• **Task data**:
+ + +

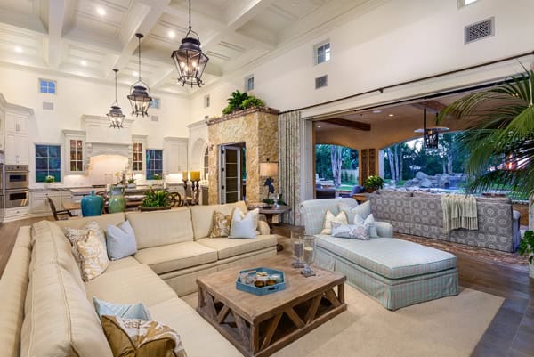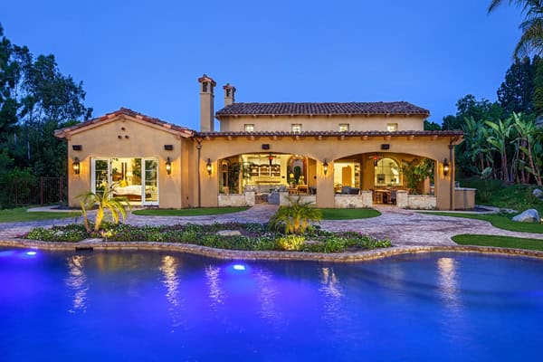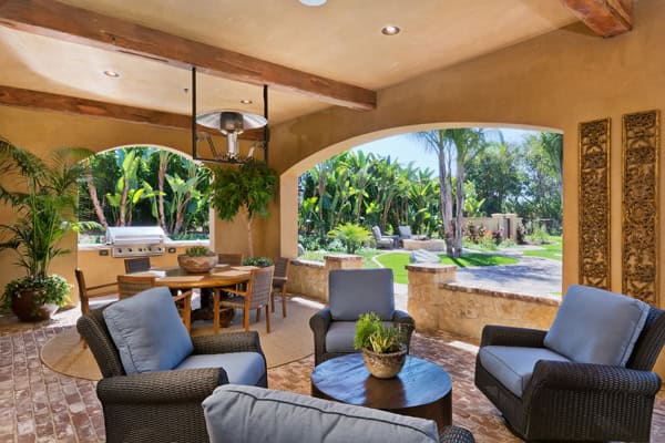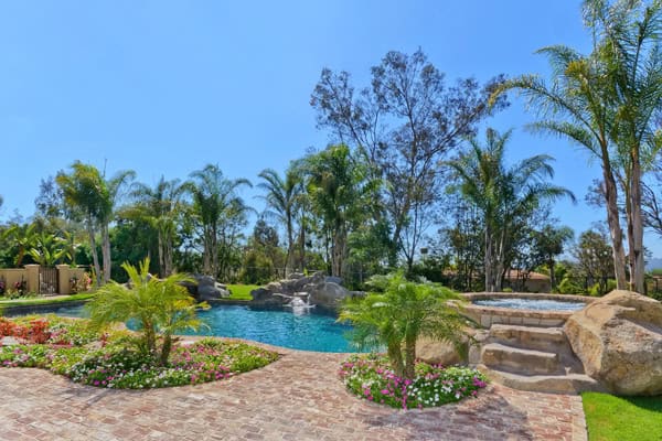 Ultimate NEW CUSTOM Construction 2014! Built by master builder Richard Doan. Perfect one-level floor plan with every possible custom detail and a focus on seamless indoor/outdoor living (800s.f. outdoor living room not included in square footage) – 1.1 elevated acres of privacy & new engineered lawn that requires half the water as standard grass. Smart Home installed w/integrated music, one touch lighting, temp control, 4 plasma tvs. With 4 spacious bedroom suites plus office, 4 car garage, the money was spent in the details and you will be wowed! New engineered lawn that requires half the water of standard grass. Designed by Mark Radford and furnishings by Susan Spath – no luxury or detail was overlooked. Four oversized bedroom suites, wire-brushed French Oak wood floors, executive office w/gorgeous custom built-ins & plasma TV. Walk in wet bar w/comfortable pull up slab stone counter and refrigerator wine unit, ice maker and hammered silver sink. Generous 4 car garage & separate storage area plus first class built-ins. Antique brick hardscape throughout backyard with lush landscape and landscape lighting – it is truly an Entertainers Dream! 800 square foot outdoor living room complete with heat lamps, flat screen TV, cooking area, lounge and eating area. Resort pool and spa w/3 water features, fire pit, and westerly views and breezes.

+ + +

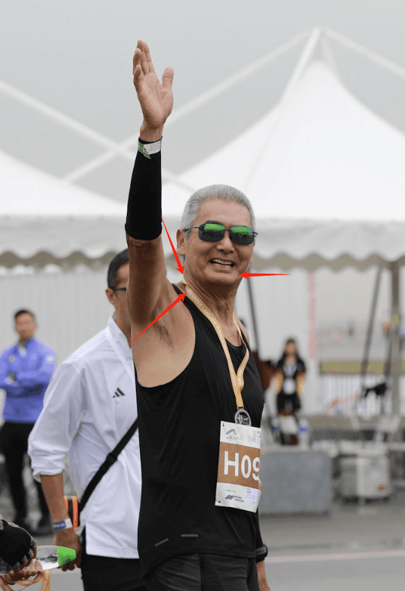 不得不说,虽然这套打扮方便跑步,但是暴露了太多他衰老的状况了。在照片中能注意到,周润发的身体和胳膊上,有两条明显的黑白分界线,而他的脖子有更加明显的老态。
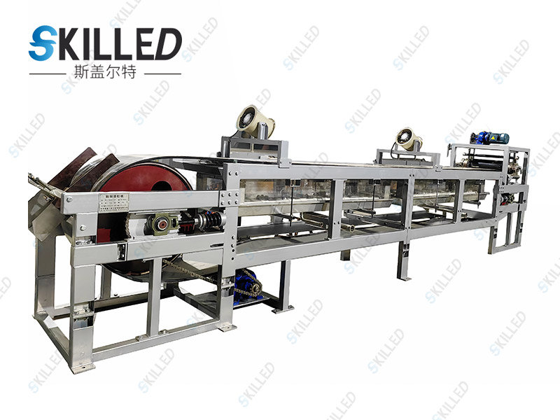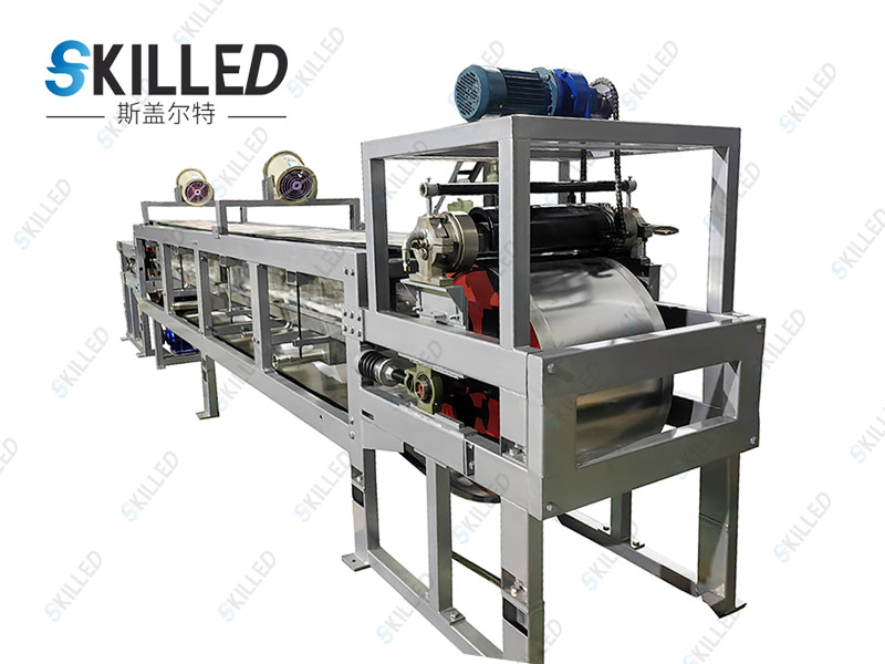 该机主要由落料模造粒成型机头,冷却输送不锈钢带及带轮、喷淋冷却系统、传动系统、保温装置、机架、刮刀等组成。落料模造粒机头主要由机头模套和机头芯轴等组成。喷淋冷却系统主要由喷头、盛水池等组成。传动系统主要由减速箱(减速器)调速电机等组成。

+ + +

• **Exercise requirements**:
From the records above, copy exactly the stretch from the line holding "不得不说,虽然这套打扮方便跑" through the line holding "该机主要由落料模造粒成型机头", both ends included, without the pictures.

• **Output below**:
 不得不说,虽然这套打扮方便跑步,但是暴露了太多他衰老的状况了。在照片中能注意到,周润发的身体和胳膊上,有两条明显的黑白分界线,而他的脖子有更加明显的老态。
 该机主要由落料模造粒成型机头,冷却输送不锈钢带及带轮、喷淋冷却系统、传动系统、保温装置、机架、刮刀等组成。落料模造粒机头主要由机头模套和机头芯轴等组成。喷淋冷却系统主要由喷头、盛水池等组成。传动系统主要由减速箱(减速器)调速电机等组成。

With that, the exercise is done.